Adapun, minat China terhadap impor batu bara termal melonjak pada 2023 karena pembangkit listrik tenaga baru bara meningkat di tengah ketika produksi pembangkit listrik tenaga air sedang menurun.
Tak hanya impor, produksi batu bara dalam negeri China juga meningkat dengan produksi pada November 2023 mencapai rekor tertinggi harian sebesar 13,8 juta ton, mematahkan rekor sebelumnya sebesar 13,5 juta ton dibandingkan Maret 2022.
Untuk Indonesia, ekspor batu bara termal mencapai 48,05 juta ton pada Desember 2023, terbesar sejak Maret 2022. China mengambil porsi terbesar dengan 20,99 juta ton.
Harga CPO
Harga (CPO) atau minyak kelapa sawit di bursa derivatif Malaysia pada Februari 2024 menguat 5 poin menjadi 3,680 ringgit per metrik ton.
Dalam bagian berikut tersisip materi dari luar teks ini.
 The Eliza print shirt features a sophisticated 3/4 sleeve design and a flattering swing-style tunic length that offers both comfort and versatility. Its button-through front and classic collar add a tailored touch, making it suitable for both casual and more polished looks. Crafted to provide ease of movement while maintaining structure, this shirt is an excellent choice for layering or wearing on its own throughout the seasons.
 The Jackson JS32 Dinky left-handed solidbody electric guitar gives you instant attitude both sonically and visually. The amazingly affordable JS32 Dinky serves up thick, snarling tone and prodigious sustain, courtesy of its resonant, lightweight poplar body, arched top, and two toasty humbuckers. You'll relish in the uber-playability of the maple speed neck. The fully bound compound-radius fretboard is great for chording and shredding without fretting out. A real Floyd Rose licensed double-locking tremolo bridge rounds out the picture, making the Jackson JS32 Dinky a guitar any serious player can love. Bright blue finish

Kemudian, kontrak Maret 2024 menguat 12 poin menjadi 3,694 ringgit per metrik ton.
Mengutip Reuters, harga minyak sawit berjangka Malaysia telah menguat selama tiga hari berturut-turut pada Senin (8/1) ditopang oleh pembeli yang menawar dan penundaan pengiriman minyak saingannya, meskipun harga minyak mentah yang lebih lemah membatasi kenaikan.
"Munculnya pembeli yang menawar, ditambah dengan pemulihan yang cepat pada minyak nabati saingannya telah mengangkat harga ke arah yang positif," jelas seorang pedagang yang berbasis di Kuala Lumpur.
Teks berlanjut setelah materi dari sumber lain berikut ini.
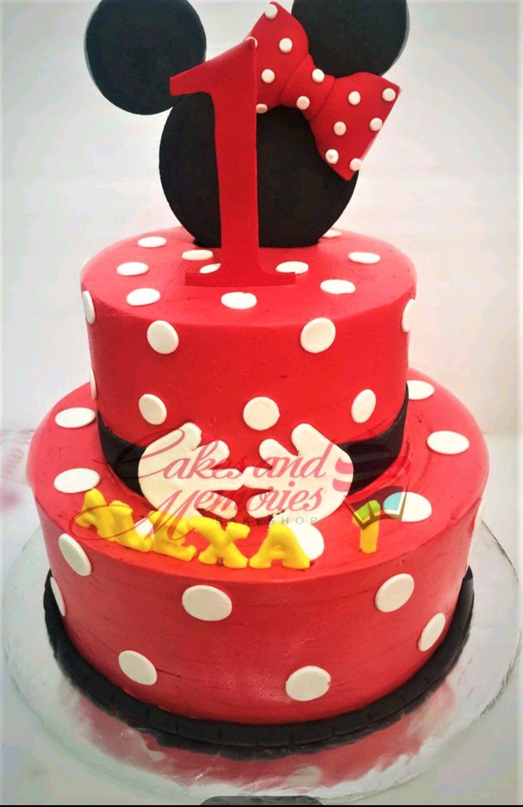 Red and white polka dot Minnie Mouse themed 2-tier birthday cake with black ears and a red bow topper.
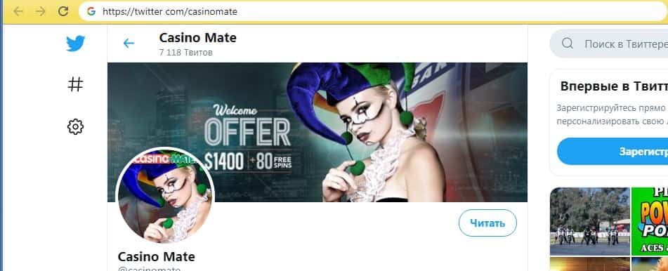 - Активность подозрительного казино Casino Mate в социальных сетях
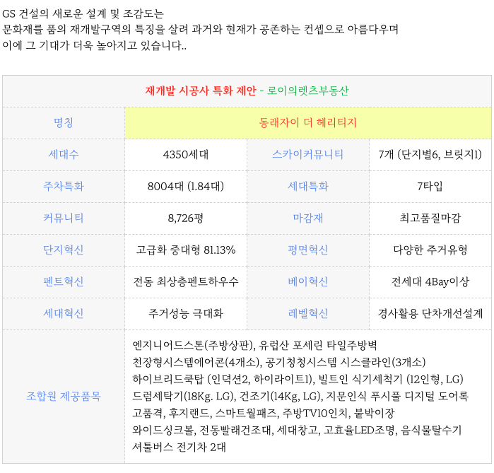 복산1구역 재개발 의 시공사의 새로운 고급화 / 특화 제안 내용 부분 입니다.

Kepala Riset dari Sunvin Group yang berbasis di India, Anilkumar Bagani, mengatakan bahwa penundaan pengiriman minyak kedelai dan minyak bunga matahari di tengah ketegangan Laut Merah juga dipandang mendukung harga minyak sawit saat ini.
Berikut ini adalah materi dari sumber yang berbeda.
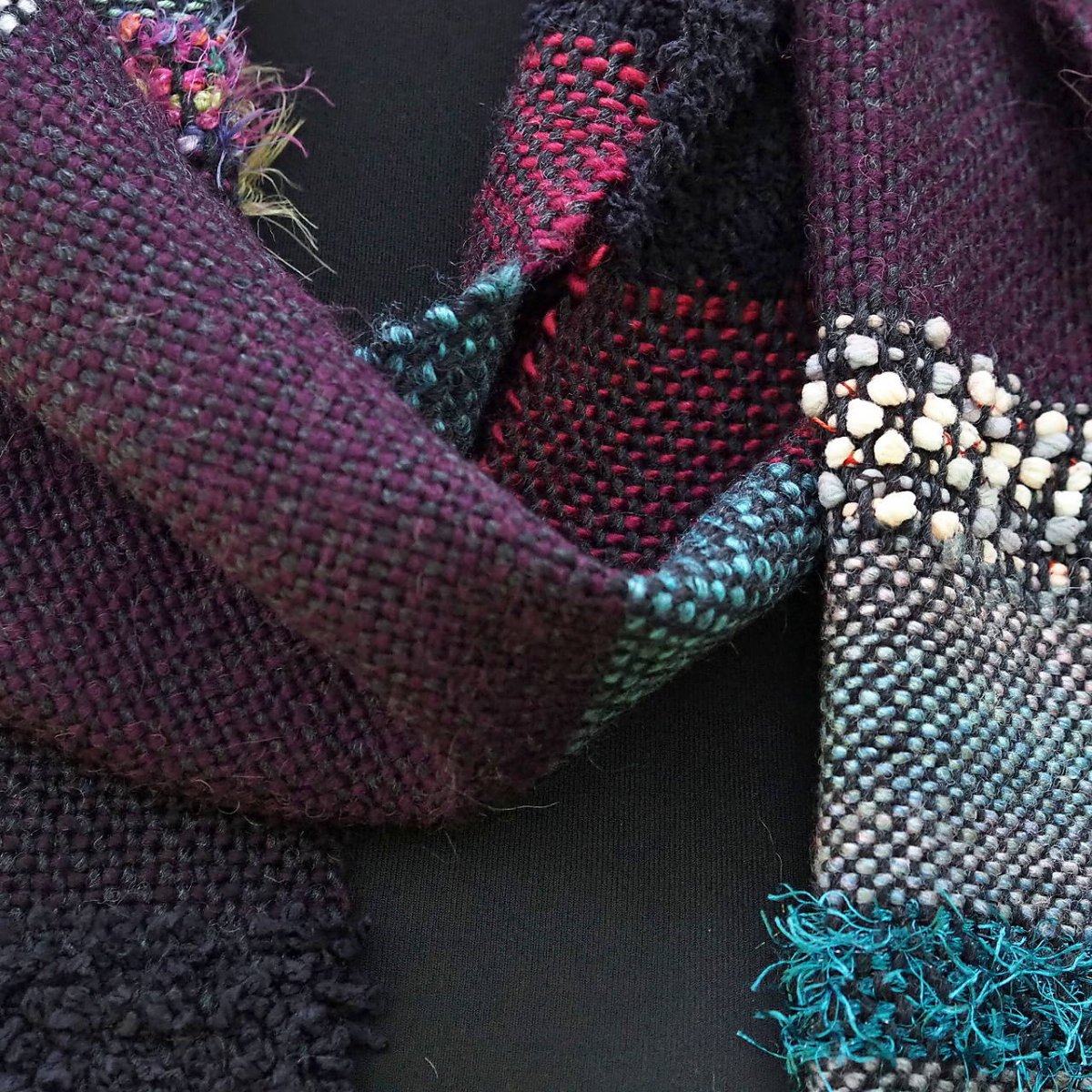 Ručně tkaná šála je tkaná ve volném stylu - freeform.

Harga minyak sendiri telah menurun lebih dari 1% pada Senin (8/1) setelah penurunan harga yang tajam oleh eksportir utama Arab Saudi dan kenaikan produksi OPEC, mengimbangi meningkatnya ketegangan geopolitik di Timur Tengah.
Adapun, harga minyak mentah yang lebih lemah membuat kelapa sawit menjadi pilihan yang kurang menarik untuk bahan baku biodiesel.
Kontrak minyak kedelai teraktif Dalian, DBYcv1, melemah -0,30%. Kontrak minyak sawit DCPcv1 diperdagangkan datar. Harga minyak kedelai di Chicago Board of Trade (CBOT), BOcv1, sedikit berubah.
Analis teknikal Reuters, Wang Tao, mengatakan bahwa harga minyak sawit mungkin turun hingga 3.709 ringgit per ton, menyusul kegagalannya menembus resistensi di 3.793 ringgit.
Berdasarkan data Bloomberg, mata uang perdagangan kontrak minyak kelapa sawit, Ringgit malaysia, ditutup menguat 0.08% terhadap dolar AS. Ringgit yang lebih kuat membuat minyak kelapa sawit kurang menarik bagi pemegang mata uang asing.